The total-day delivery was boosted by the results of Monday June 1, when Tennis posted a 0.56 coverage-area rating, with the 993,000 unduplicated homes in the metered markets now standing as the greatest household tune-in in the network’s history. The 5½-hour live-coverage window that day featured world No. 1 Serena Williams taking the measure of fellow American Sloane Stephens and the four-set battle between the U.S.’s Jack Sock and nine-time French Open champion Rafael Nadal.

Results also were solid for nightly interview and recap show French Open Tonight, which averaged a 0.41, up 32% from 0.31 the prior year.
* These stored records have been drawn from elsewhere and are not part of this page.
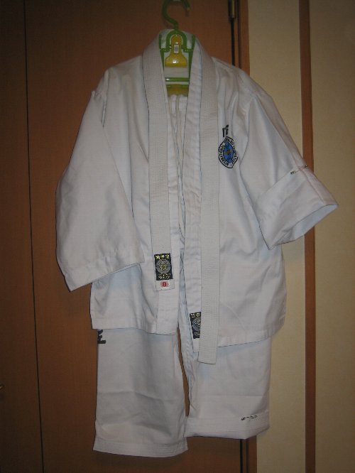 んで、今日のテコンドー、正式入門で本日道衣を渡されました。
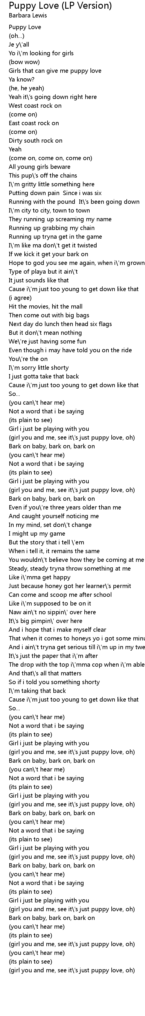 (girl you and me, see it\'s just puppy love, oh) |
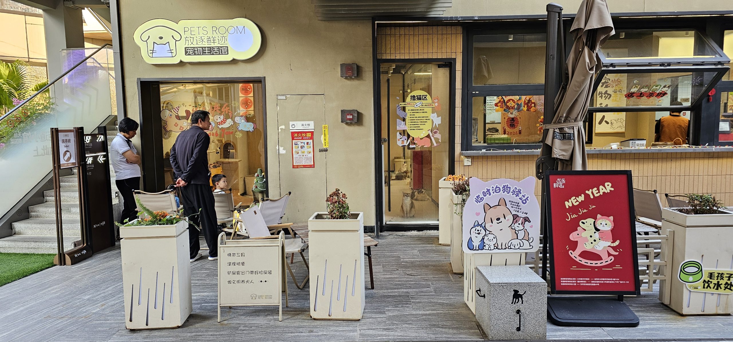 The fourth level had a walkway with restaurants along the side, and a pet cafe, of all things.
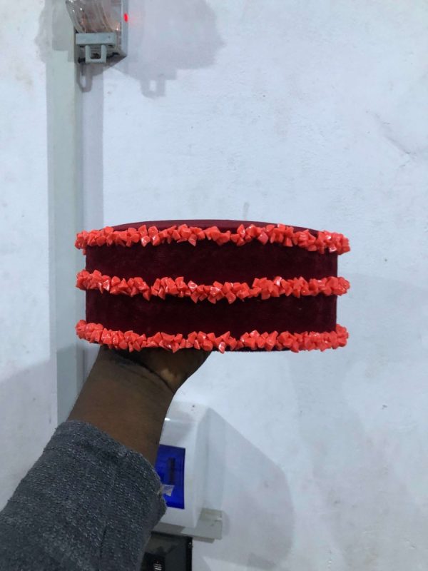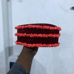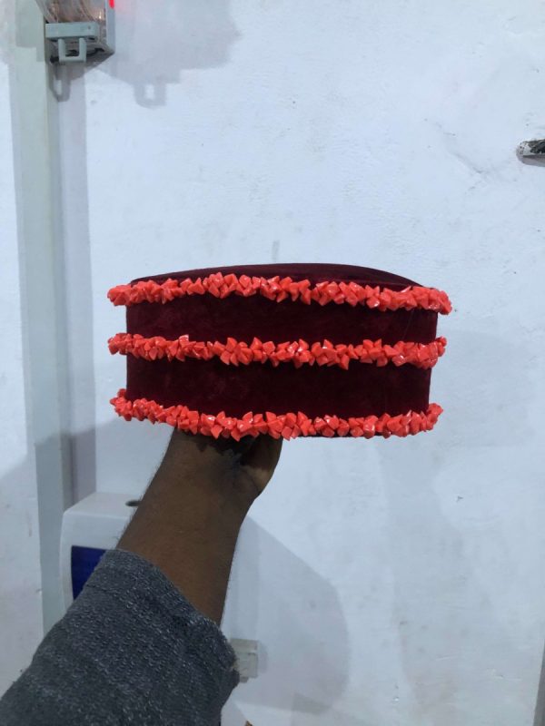This is a customised burgundy color kufi round cap adorned with broken coral beads which makes the cap spectacular and unique. If you are looking for a special cap that would make you standout on your wedding day, then get this.
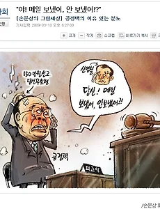 삐딱한 뉴스165 이번엔 중국관광객을 위해 4대강 사업을 하냐? 이 정부의 결론은 하나인가 보다. 일자리 창출을 위해서도 4대강 사업. 경기 부양을 위해서도 4대강 사업. 중국 관광객 유치를 위해서도 4대강 사업이다. 이러다가 곧 한반도 대운하로 이어질 것이다. 중국 관광객을 위한 4대강은 또 무슨 야그일까? 이명박 대통령의 최측근 박영준 국무총리실 국무차장이 10일 4대강 살리기는 문화, 환경사업으로서 중국 등 외국 관광객들의 대규모 유치를 위해서라도 반드시 성공해야 한다고 강조했다. 박 국무차장은 이날 기자간담회에서 “통상 1만달러 이상이면 해외여행을 한다고 보는데, 2년 이내에 중국에서 소득수준 1만달러를 넘는 사람이 1억명이 된다”면서 “그중 10%만 유치해도 1000만 관광객이지만 국내에는 이들을 유치할 수 있는 인프라가 전혀 없다”고 지적했다. 이어 “4대.. 2009. 3. 11. 신영철 대법관과 공정택 교육감은 친한 사이??? 만평 하나가 웃음 짓게 한다. 프레시안에 소개된 "손문상님의 그림세상"이다. 오늘 간만에 속시원한 소식을 접했는데 바로 공정택 교육감의 당선무효형 판결이다. 지난 교육감 선거때부터 공정택 이사람 정말로 마음에 안들었다. 당선 후에 일제고사 실시 강행 등 MB 코드에 맞는 교육정책을 팍팍 피곤 했었는데 이번에 다행히도 유죄 판결을 받았다. 물론 항소를 할 것이라 생각하지만, 항소를 하면서 시간을 질질 끌 것이라 생각하지만 그래도 무죄 판결 받은 것 보단 백배 낫다. [출처 : 프레시안 ] 2009. 3. 10. 우리나라에 더이상 노무현은 없다. [사진출처 : 한겨레신문] 누가 뭐라고 해도 그가 좋았다. 지금 MB와 비교해 보면 그의 가치가 더욱 더 빛날 것이다. 하지만 100일 후면 이제 우리나라에서 더이상 제2의 노무현을 기대하긴 어려울 것 같다. 여야가 합의를 했다고 하지만 어쨌든 100일 후엔 표결을 해야 하고 그러면 당연히 미디어법이 통과될 것이다. 민주당이 논의기구를 제안했고 한나라당이 받아들였지만 그동안 되지 않았던 논의가 지금이라고 될 것인가 말이다. 딱 100일만 싸움을 연장한 것 밖에 안된다. 미디어법이 통과되면 막강한 조중동이 TV방송을 하게 된다. TV 뉴스를 하게 되고 라디어를 틀게 될 것이다. 그럼 보수진영의 목소리를 24시간 내내 전달하고 국민을 현혹하고 그들만의 세상으로 우리를 인도하기 위해 엄청난 노력을 할 것이 뻔.. 2009. 3. 3. '아륀지' 한마디에 영어 과외비 증가 아무래도 영어와 관련된 사업을 해야 할 듯 하다. MB 정부는 툭하면 영어와 관련된 정책을 내 놓는데 결과적으로 서민들의 영어 사교육비를 엄청 증가시키는 결과만 나왔다. [그림 출처 : 한겨레신문] 학생 1인당 월 평균 사교육비를 과목별로 살펴보면 영어가 7만6천원으로 2007년보다 11.8% 늘어 증가폭이 가장 컸다. 영어 사교육비가 증가한 데는 이명박 정부의 영어교육 강화 정책이 큰 영향을 끼쳤다는 분석이다. 정부 출범 초기 ‘아륀지 정부’라는 신조어를 만들어 낸 영어 몰입교육 논란과 ‘영어로 하는 영어수업’, 서울 국제중 설립 등으로 영어의 중요성은 더욱 강조됐고, 교육과학기술부는 초등 영어 수업시간 확대, 말하기·쓰기 위주의 새로운 영어능력시험 도입 등 영어교육 강화 정책들을 잇따라 내놨다. 교과.. 2009. 2. 28. 이젠 법원도 정권의 시녀 !!! 검찰에 이어 법원도 정권의 눈치를 보는 신세가 되었다. 오늘 아침 한겨레신문에 단독보도가 되었지만 신문기사를 보면서 참으로 한심했다. 허만 서울중앙지법 수석부장판사(현 서울고법 부장판사)는 지난해 6~7월 즉결심판에 회부되거나 구속영장이 청구된 촛불집회 사건 관련자들에 대해 형량을 높이고 구속영장 기각 사유를 바꿀 것을 판사들에게 요구했다. 당시 서울중앙지법에 있던 한 판사는 이날 “허 수석부장판사가 단독판사들에게 촛불집회에 참가한 혐의(집회 및 시위에 관한 법률 등)로 즉심에 회부된 피고인들에게 벌금형이 아닌 경찰서 유치장에 가두는 구류형을 선고하라고 요구했다”고 말했다. 경찰은 촛불집회가 한창이던 6~7월 단순 참가자들 일부를 즉결심판에 넘겼으며, 당시 서울중앙지법엔 하루 10명 안팎의 촛불집회 관련.. 2009. 2. 25. 이해안되는 미네르바 구속 사유 미네르바가 결국 구속됐다. 미네르바 체포 후에 구속요건이 된다 안된다로 각종 언론이 뜨거웠다. 보수신문은 전기통신기본법을 위반했다는 사실을 집중 부각해서 구속의 당위성을 외쳤고 진보신문은 인터넷의 표현의 자유를 언급하여 구속의 부당함을 알렸다. 그러나, 이 나라의 법원은 결국 미네르바를 구속했다. 서울중앙지법 김용상 영장전담판사는 "범죄사실에 대한 소명이 있고 외환시장 및 국가 신인도에 영향을 미친 사안으로, 사안의 성격 및 중대성에 비춰 구속수사의 필요성이 있다"고 영장 발부 사유를 밝혔다. 법원이 밝힌 미네르바의 구속사유 중 중요 이유는 바로 국가신인도에 영향을 미쳤다는 것이다. 즉, 미네르바가 인터넷에 올린 글 한편(검찰은 그동안 미네르바의 여러 글 중에서 7월30일에 올린 한 편을 문제삼았었다)이.. 2009. 1. 10. 2중대, 2소대 !!! 국회는 아직도 군사독재 시절인가? "선진당은 여당의 2중대

“Our French Open ratings validate Tennis Channel’s commitment to broadcasting first-match–through–last-match coverage on TV each year for fans,” says Doug Martz, the network’s SVP, advertising sales. ”With each passing year, more fans of our sport come to see Tennis Channel as the always-on, default channel on their television sets, and the numbers we saw this year in Paris — and really so far in 2015 overall —reflect that trend.”

According to network officials, Tennis Channel has seen a 30% increase in household coverage-area rating, to 0.13, through the first 23 weeks of 2015. Top tourneys have been at the heart of the uptick. The network garnered a 31% rise in household coverage-area ratings, to 0.64, with the year’s first major, the Australian Open, and the so-called fifth slams — the men’s and women’s tournaments from Indian Wells and Miami — averaged 0.43 and 0.37, representing respective gains of 59% and 32% over 2014.